Source data Block Start
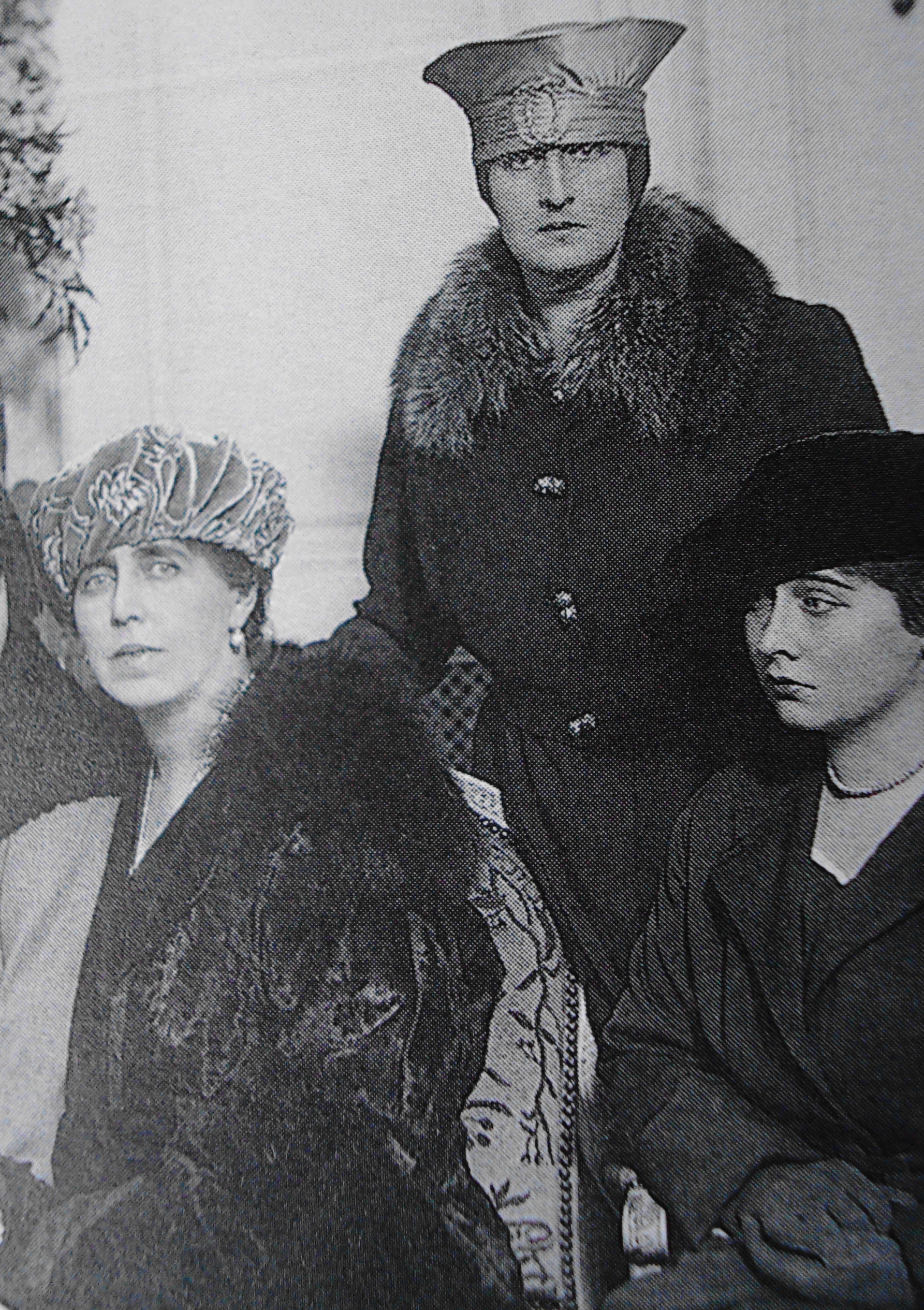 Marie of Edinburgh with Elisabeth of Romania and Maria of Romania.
Source data Block End
Source data Block Start
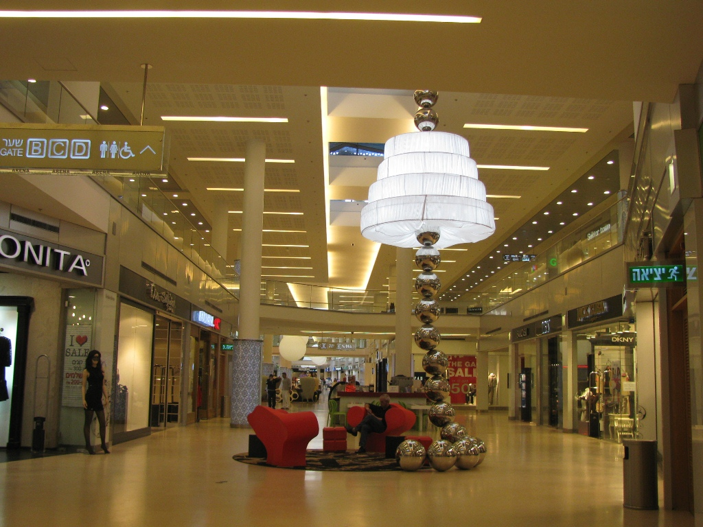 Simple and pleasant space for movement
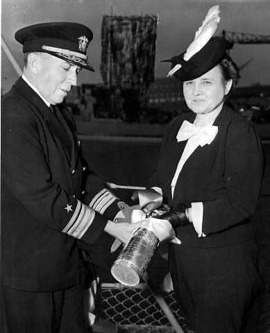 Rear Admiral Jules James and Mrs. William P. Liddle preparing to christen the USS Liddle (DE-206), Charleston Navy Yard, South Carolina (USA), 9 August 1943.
Source data Block End
• Work order:
Reproduce the lines above beginning at the line that contains "Simple and pleasant space for movement" and ending at the line that contains "Rear Admiral Jules". No pictures.

• Exercise output:
 Simple and pleasant space for movement
 Rear Admiral Jules James and Mrs. William P. Liddle preparing to christen the USS Liddle (DE-206), Charleston Navy Yard, South Carolina (USA), 9 August 1943.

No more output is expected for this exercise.